Acumenus CDM (1M patients, 5 dimensions)
| Metric | Value |
|---|---|
| Extraction rate | ~8,000 patients/minute |
| Dimensions available | demographics, conditions, measurements, drugs, procedures |
| Top match for person_id=1 | Person 985: 0.72 overall (demo 0.80, conditions 0.82, labs 0.53, drugs 0.58, procedures 0.86) |
| Missing dimensions | genomics (null) — correctly excluded |
The lower overall scores on Acumenus are expected — with a million diverse patients, even the best match will have more divergence than in a specialized 361-patient corpus.
The Frontend Experience
The Patient Similarity page follows Parthenon's dark clinical theme and offers:
- Search form with source selector, patient ID input, and dimension weight sliders (0-5, step 0.5)
- Mode toggle between Interpretable and Embedding
- Results table with ranked patients, overall score, and per-dimension score bars (teal >0.7, gold >0.4, grey below)
- Compare link on each result row for head-to-head patient analysis
- Staleness indicator showing when feature vectors were last computed with a "Recompute" action
- Search mode toggle between "Single Patient" and "From Cohort" for both entry workflows
- Export as Cohort button for saving result sets as cohort definitions
Contextual entry points are embedded throughout the platform:
- Patient Profile page: a "Find Similar Patients" button pre-fills the search with the current patient and source
- Cohort Definitions: a "Find Similar to Cohort" action opens the similarity page in cohort-seed mode
What's Next
The engine ships today with Phases 1-4 complete. Phase 5 remains as a backlog of advanced capabilities:
- Temporal similarity — consider when conditions, treatments, and events occurred relative to each other, not just which ones
- Imaging radiomics — tumor volumetrics and radiomic features from DICOM via Orthanc
- Clinical notes NLP — embed
note_nlpcontent for text-based phenotype matching - Learned patient embeddings — train a Patient2Vec or transformer model on Parthenon's CDM data for temporal-aware embeddings
- Weighted Personalized PageRank — implement the Oracle PLM graph algorithm as an alternative to vector-based scoring
- Cross-source federated similarity — find patients in the Pancreatic Cancer Corpus who are similar to an Acumenus patient, blending data across CDM sources without co-locating patient records
- Tumor Board integration — the Molecular Tumor Board's existing genomic matching will be unified with the similarity engine, so clinicians see genomic and clinical similarity in one view
Conclusion
The Patient Similarity Engine is the kind of feature that seems obvious in retrospect — of course a research platform should let you find similar patients across all available clinical dimensions. But implementing it correctly required solving a specific, non-trivial composition of challenges: multi-modal feature extraction from OMOP CDM, missing-dimension tolerance, dual algorithmic approaches with shared interpretability, bidirectional cohort integration, HIPAA-conscious tiered access, and source-agnostic architecture that works from 361 patients to 1 million.

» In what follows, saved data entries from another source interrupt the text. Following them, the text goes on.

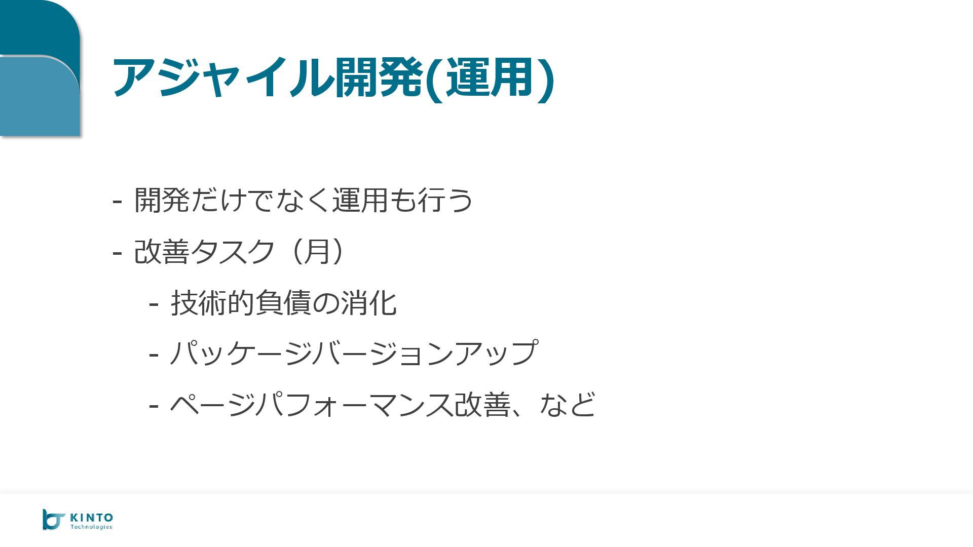 アジャイル開発(運用) - 開発だけでなく運用も行う - 改善タスク(月) - 技術的負債の消化 - パッケージバージョンアップ -
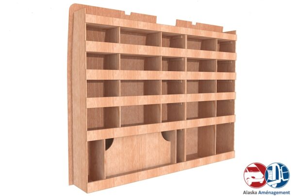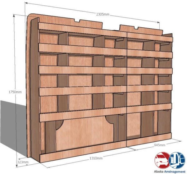 Ce meuble de rangement KRG-N(pour le latéral « Gauche » de votre véhicule) offre une solution de stockage polyvalente et fonctionnelle avec six niveaux de stockage. Il comprend des étagères pour stocker divers équipements et matériels. Une étagère supérieure est conçue pour les objets longs. Son fond arrière intégré assure la rigidité et protège la carrosserie du véhicule, évitant un habillage supplémentaire. Le meuble est disponible en contreplaqué brut ou filmé.
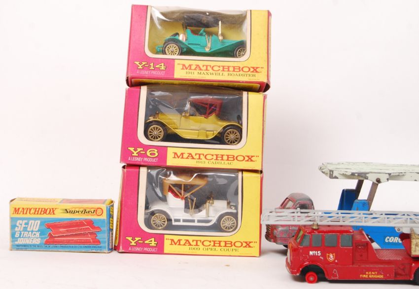 A collection of original Corgi & Matchbox loose & boxed diecast model cars to include; Chipperfields Circus Land Rover & Articulated Horse Box with 3x horses, dropside trailer, car transporter, Y14 Maxwell Roadster, Y6 Cadillac, Y4 Opel Coupe (boxed) etc.
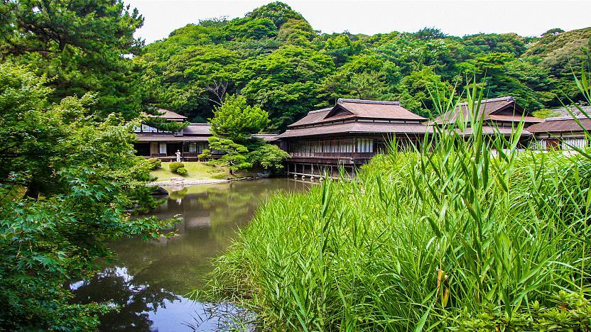 خانههای چای در نقاط مختلف باغ، از قرنهای شانزدهم و هفدهم، با سقفهای نی و دیوارهای گِلی بازسازی شدهاند. در آنها آیین سنتی چای برگزار میشود که نمادی از هماهنگی میان طبیعت، انسان و سکوت است.
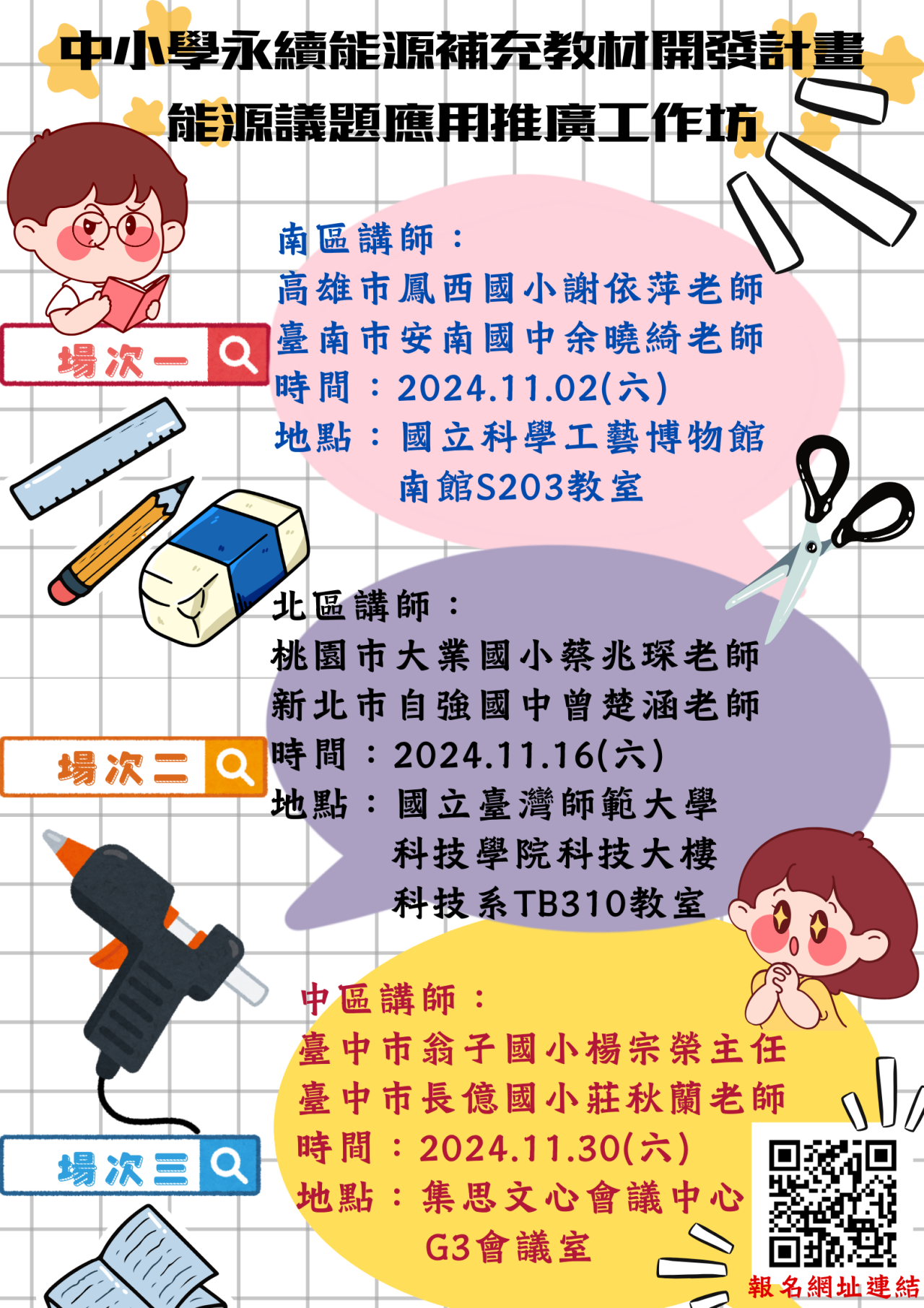 主旨: 函轉國立高雄師範大學依「中小學永續能源補充教材開發計畫」辦理「能源議題推廣應用工作坊」北、中、南三場次,請查照。
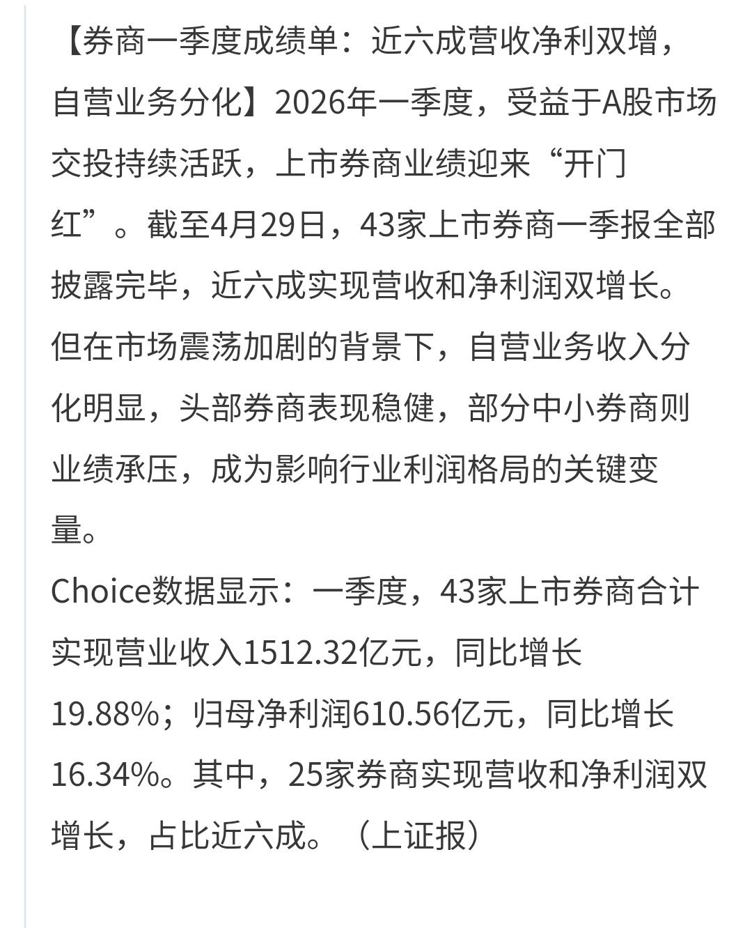 一季度,43家上市券商合计实现营业收入1512.32亿元,同比增长19.88%;归母净利润610.56亿元,同比增长16.34%。其中,25家券商实现营收和净利润双增长,占比近六成。(来源:上证报)
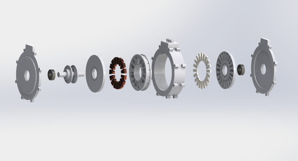 Two stators sandwich a single rotor disc. Both faces of the rotor see active torque, which effectively doubles the working area in a very thin package. The layout shortens flux paths, improves copper utilisation, and keeps the rotor disc simple and robust.
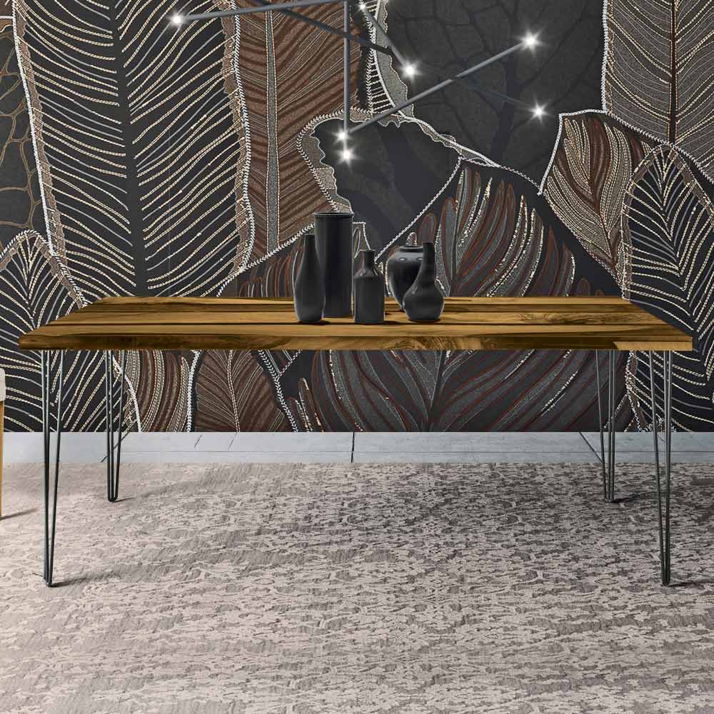Fast rektangulärt designbord med trä- och hartsskiva Made in Italy
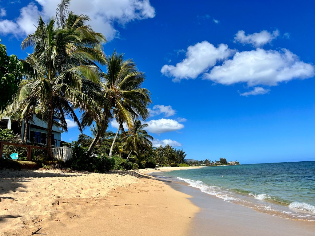 Nun aber wieder zurück zu unseren letzten Tagen auf O‘ahu. Mit dem Mietwagen fuhren wir die Ostküste hoch und besuchten einige Aussichtspunkte. Unter anderem Drehorte für den Film Jurassic Park. Wir entdeckten einen kleinen Strand, wo praktisch keine Touristen waren und verbrachten dort einige Stunden.
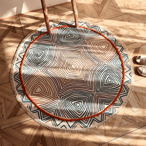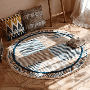 Blue Geometric Round Printed Cotton Area Rug with Tassel Hand Woven Machine Washable Floor Carpet Rug Blue Geometric Round Printed Cotton Area Rug with Tassel Hand Woven Machine Washable Floor Carpet Rug
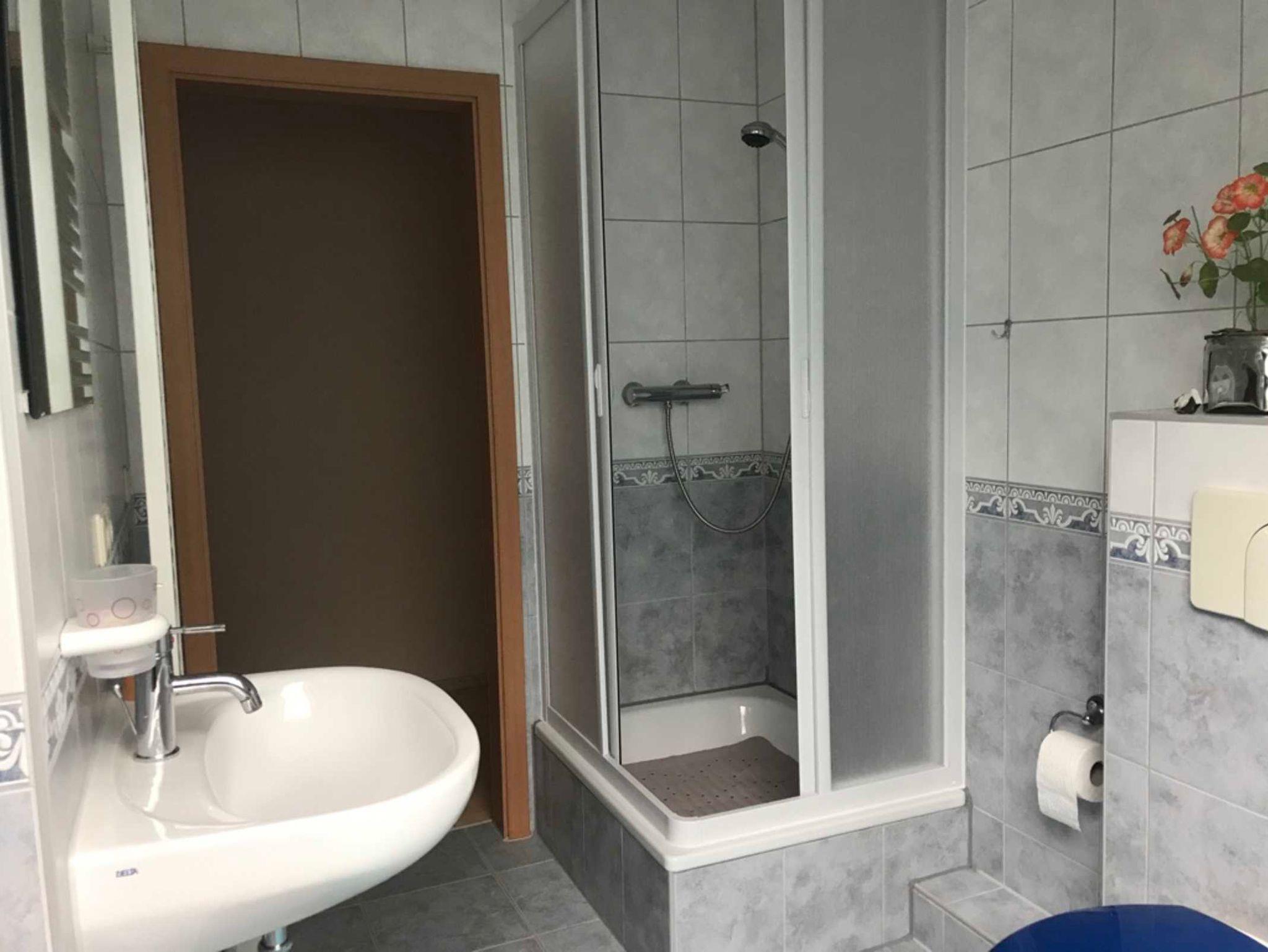 ? Das Bad ist mit Dusche, WC und Fön ausgestattet.
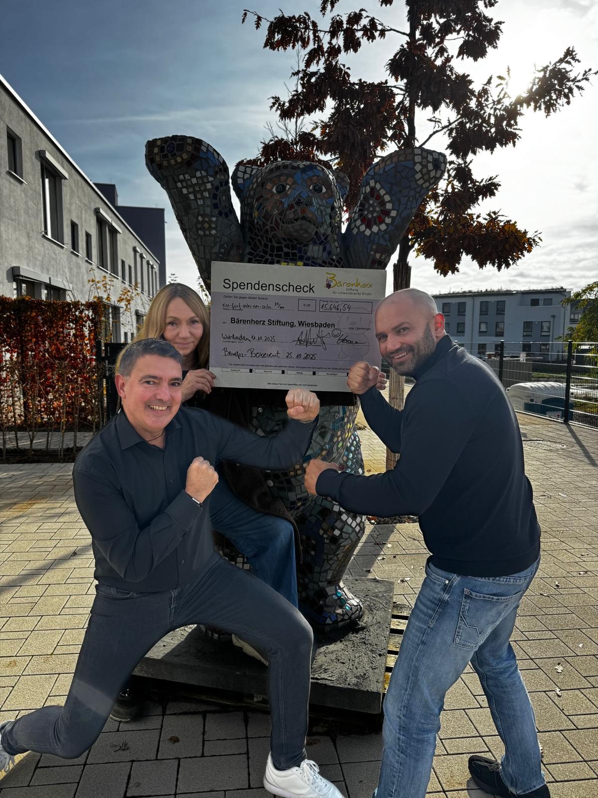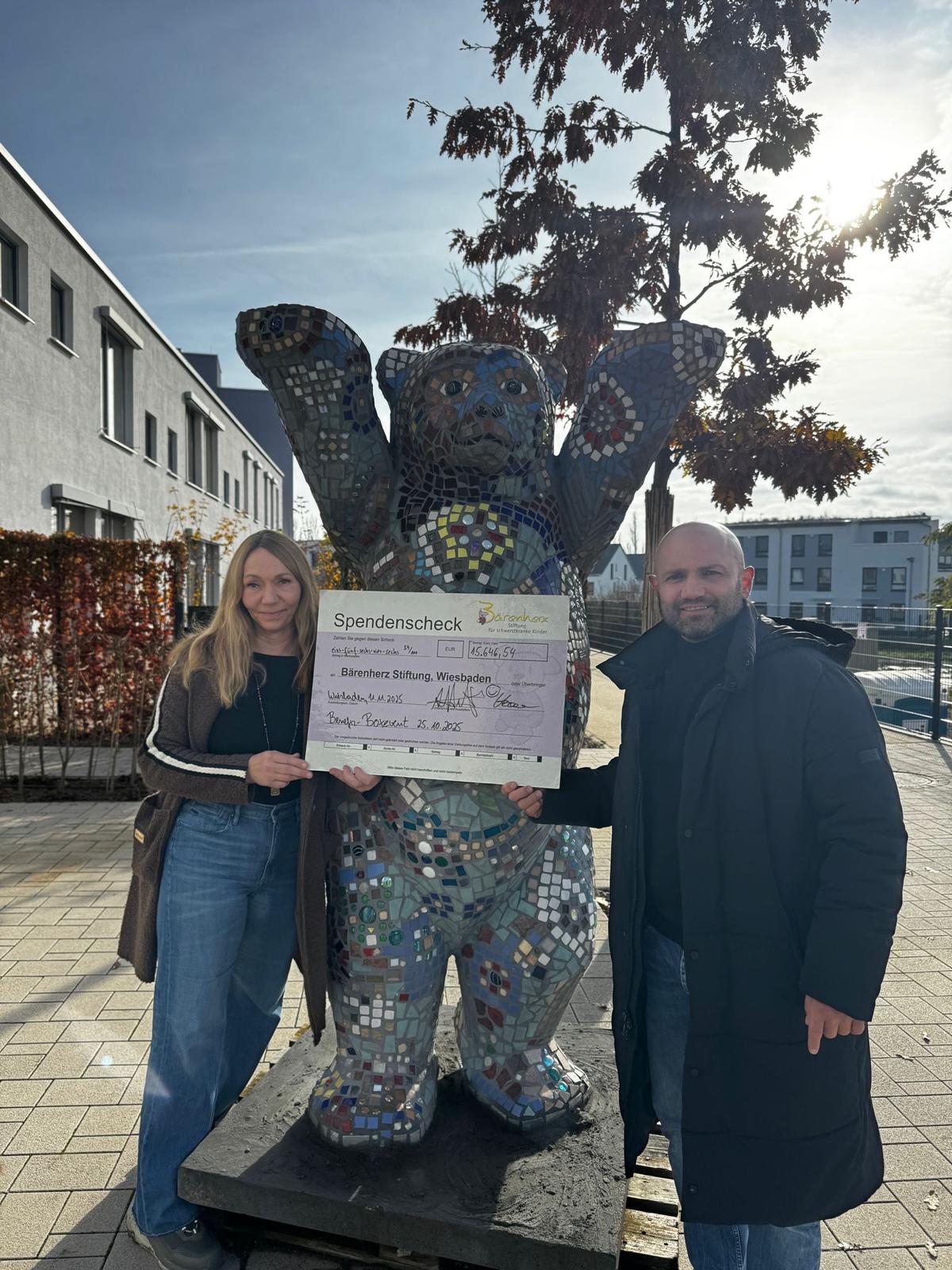 Zu der Veranstaltung mit Amateur- und Profikämpfen kamen unglaubliche 1.500 Menschen und das Spendenziel wurde somit nicht nur erreicht, sondern auch durch weitere Unterstützer*innen und Sponsor*innen mehr als übertroffen. Nach der Auszählung sämtlicher Spendentöpfe konnten nun weitere 15.646,54 Euro für Bärenherz in Form eines riesigen Schecks von unserer Zweiten Vorsitzenden Katja Heinen und Fatih Altunkaya, Vorsitzender des Wiesbadener Boxclub e.V., in dieser Woche an das Kinderhospiz übergeben werden.
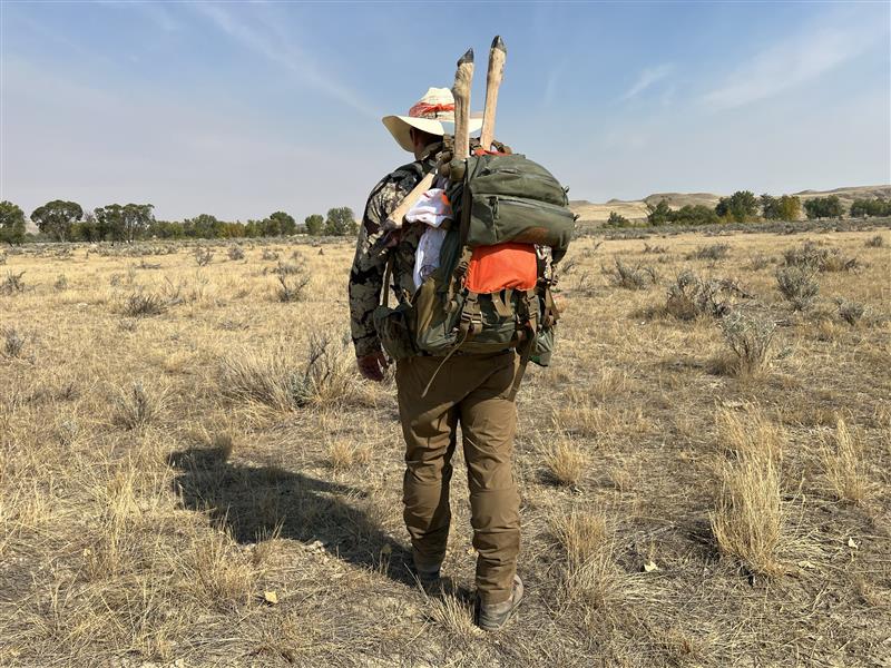For the great plains the Mystery Ranch pop-up 30 was the favorite. Certainly you do not need as much gear on the great plains as you do in the Alaskan mountains. But more than that the smaller mystery ranch pop-up has unique accommodations for glass. This pack can screw in a rifle rest, bino mounting or spotting scope right onto the frame. This made stopping to glass large sections much easier than breaking out a tripod and carrying that extra weight.
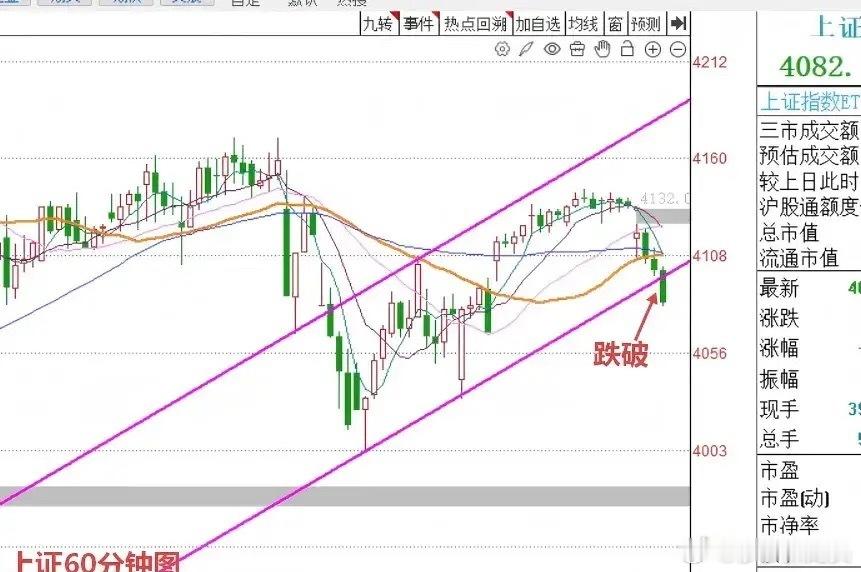 第一, A股节前最后一个交易日出现了向下的跳空缺口,并且分时图几乎全天震荡走低,一根阴线杀穿了底下好几根重要的均线支撑大家看图一。并且确认了短线高点下移的态势。从这个角度来看,接下来市场震荡偏弱的概率相对偏大。

What makes this a milestone for Parthenon isn't the similarity scoring itself — Jaccard and cosine distance have been around for decades. It's the integration. Patient similarity is woven into the cohort builder, the patient profile, the tumor board, and the permission system. It's not a standalone tool bolted onto the side. It's a new lens through which every other capability in the platform becomes more powerful.
Thirteen commits. Four phases. Six dimensions. One button: Find Similar Patients.